START Given information

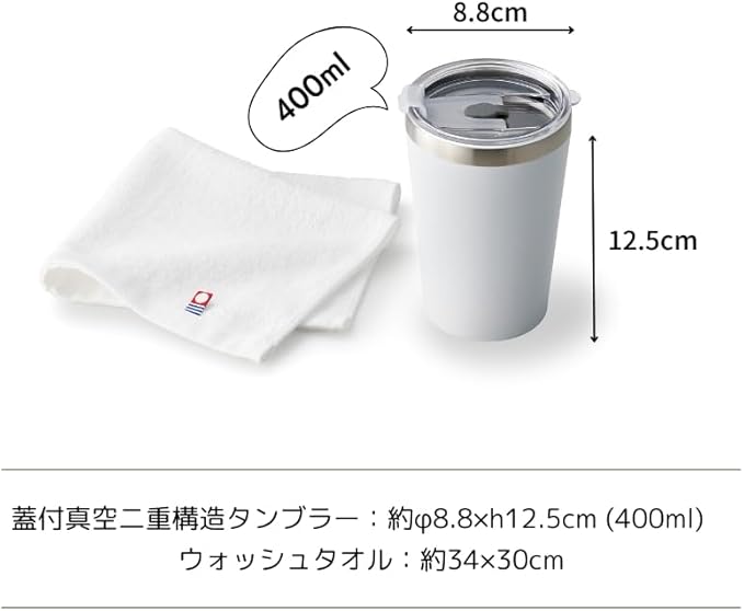 商品(数)、サイズ:蓋付真空二重構造タンブラー(1)約φ8.8 h12.8cm(400ml)、ウォッシュタオル(1)約34 30cm
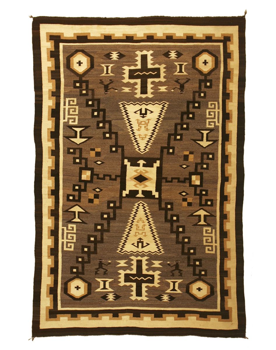Navajo Weaving. 6'8" x 4'7". J. B. Moore designed Storm pattern from the Crystal weaving area. All handspun, natural wool (except for some of the black). Unusual figural elements. Circa 1925. NOTE: Included with this lot is a 7 1/2" x 9 1/2" black & white photo of an outside portal of El Alisal, the home built by Charles F. Lummis between 1896 and 1910 on the West bank of Arroyo Seco in NE Los Angeles. Lummis (1859-1928) was a U.S. journalist and Indian rights activist. When he dies in 1928, he left a legacy of Indian lore and photography and El Alisal was preserved as the home for the Historical Society of So. CA, operating independently until 2002, when it was merged into the Autry National Center. The J.B. Moore storm pattern weaving is clearly visible in the lower right hand corner of the photo when it was on display during an exhibition at El Alisal.
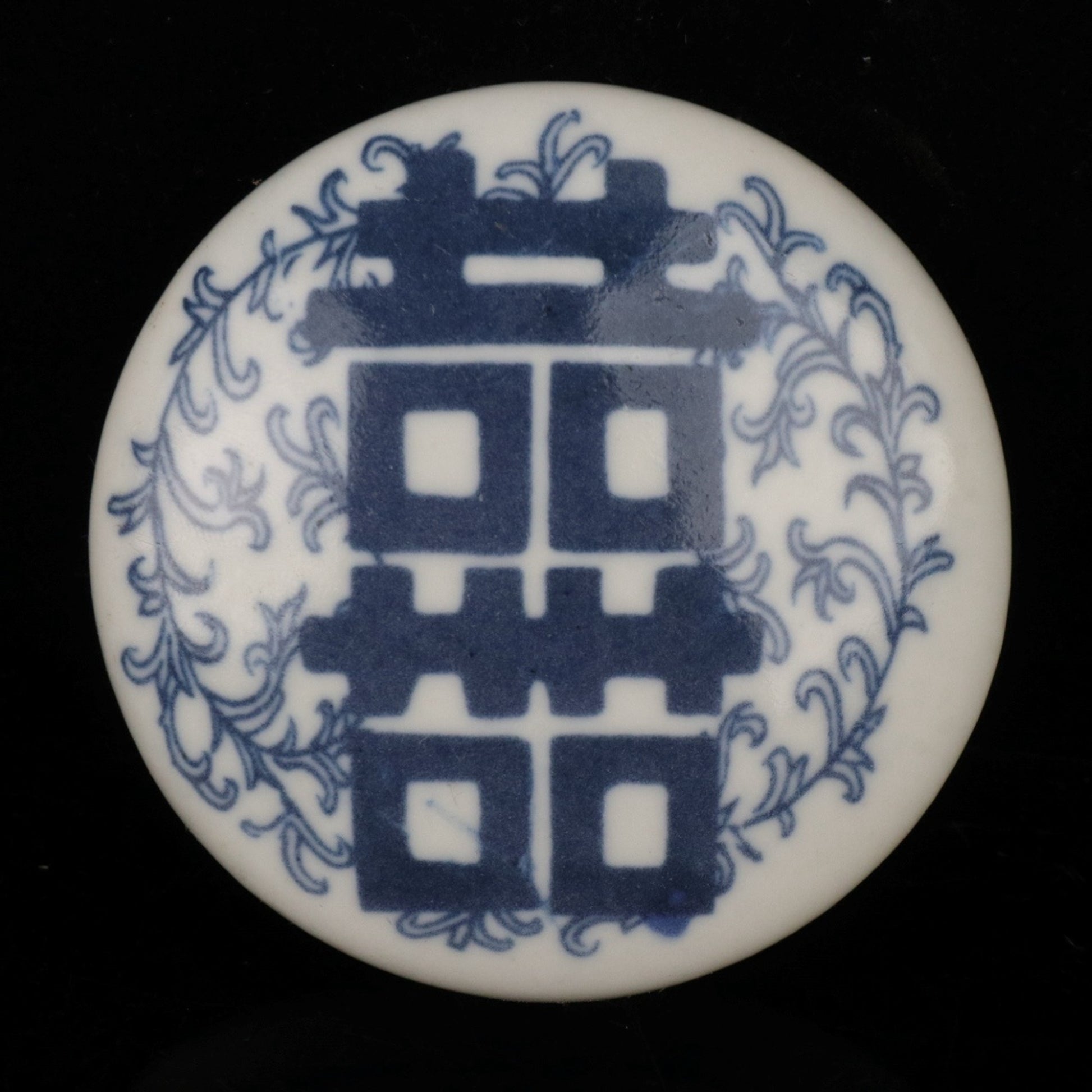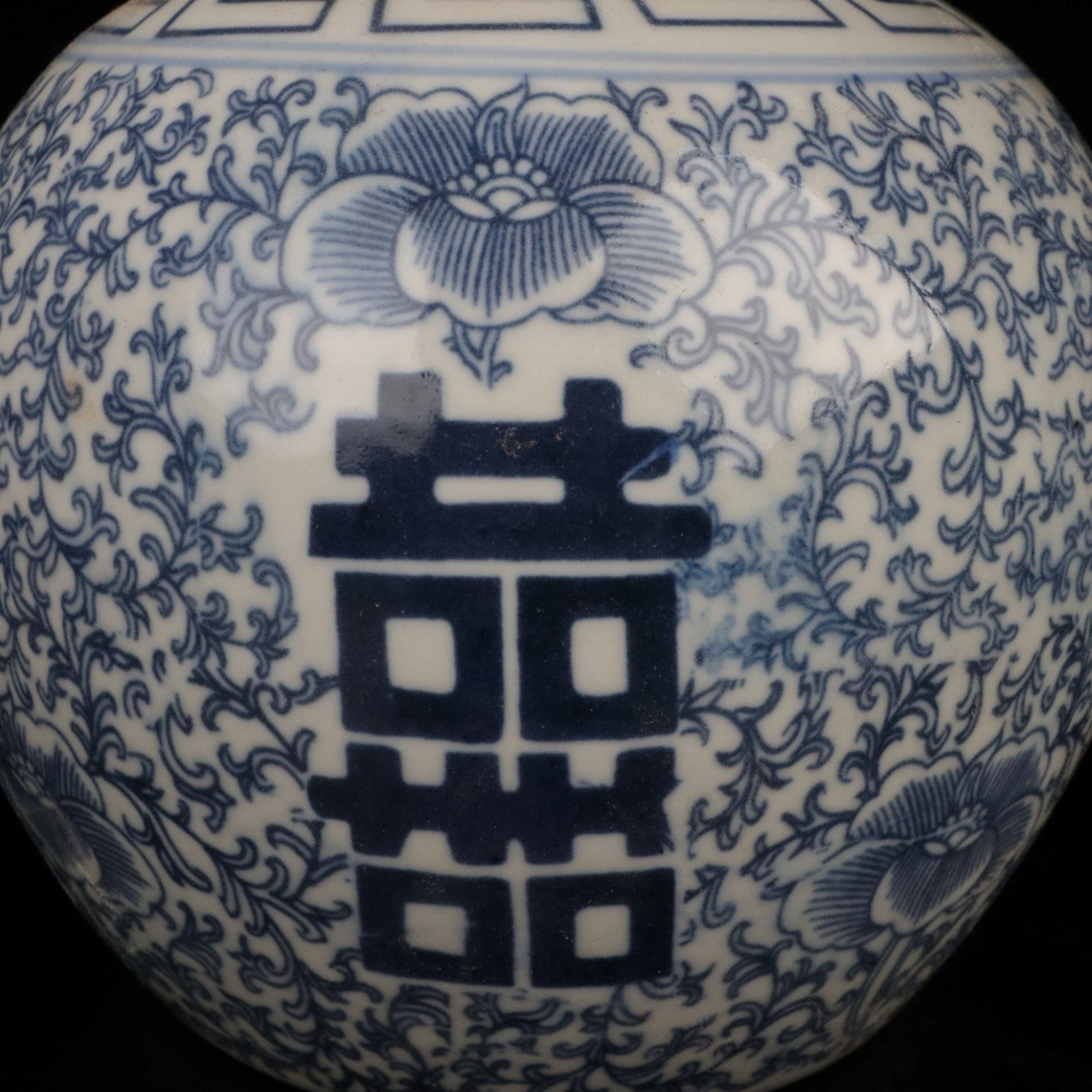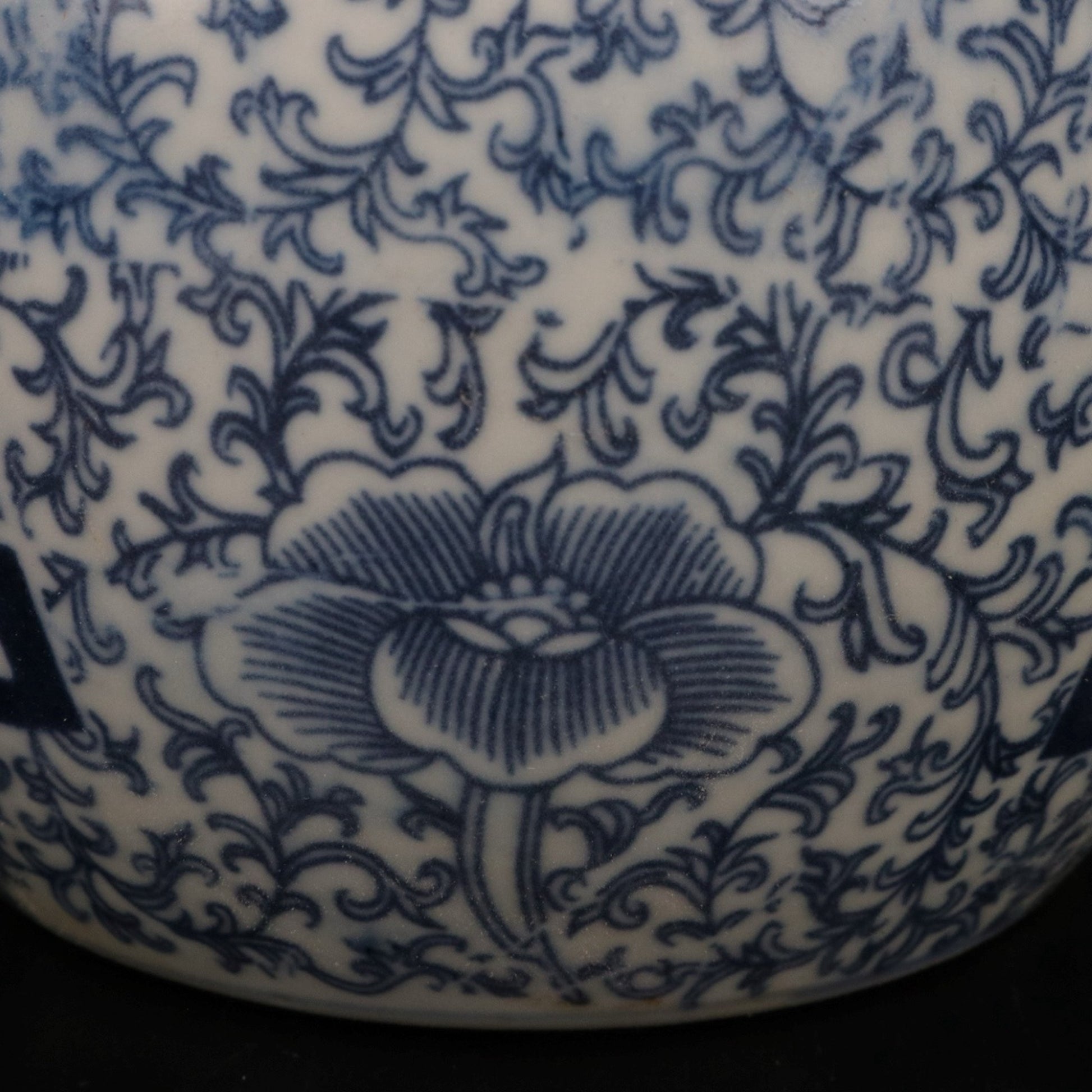 Blue and white auspicious characters, floral patterns, and precious pearl altar

END Given information

### Task directions
Print out the material word for word, omitting the pictures.

### Final answer
 商品(数)、サイズ:蓋付真空二重構造タンブラー(1)約φ8.8 h12.8cm(400ml)、ウォッシュタオル(1)約34 30cm
Navajo Weaving. 6'8" x 4'7". J. B. Moore designed Storm pattern from the Crystal weaving area. All handspun, natural wool (except for some of the black). Unusual figural elements. Circa 1925. NOTE: Included with this lot is a 7 1/2" x 9 1/2" black & white photo of an outside portal of El Alisal, the home built by Charles F. Lummis between 1896 and 1910 on the West bank of Arroyo Seco in NE Los Angeles. Lummis (1859-1928) was a U.S. journalist and Indian rights activist. When he dies in 1928, he left a legacy of Indian lore and photography and El Alisal was preserved as the home for the Historical Society of So. CA, operating independently until 2002, when it was merged into the Autry National Center. The J.B. Moore storm pattern weaving is clearly visible in the lower right hand corner of the photo when it was on display during an exhibition at El Alisal.
 Blue and white auspicious characters, floral patterns, and precious pearl altar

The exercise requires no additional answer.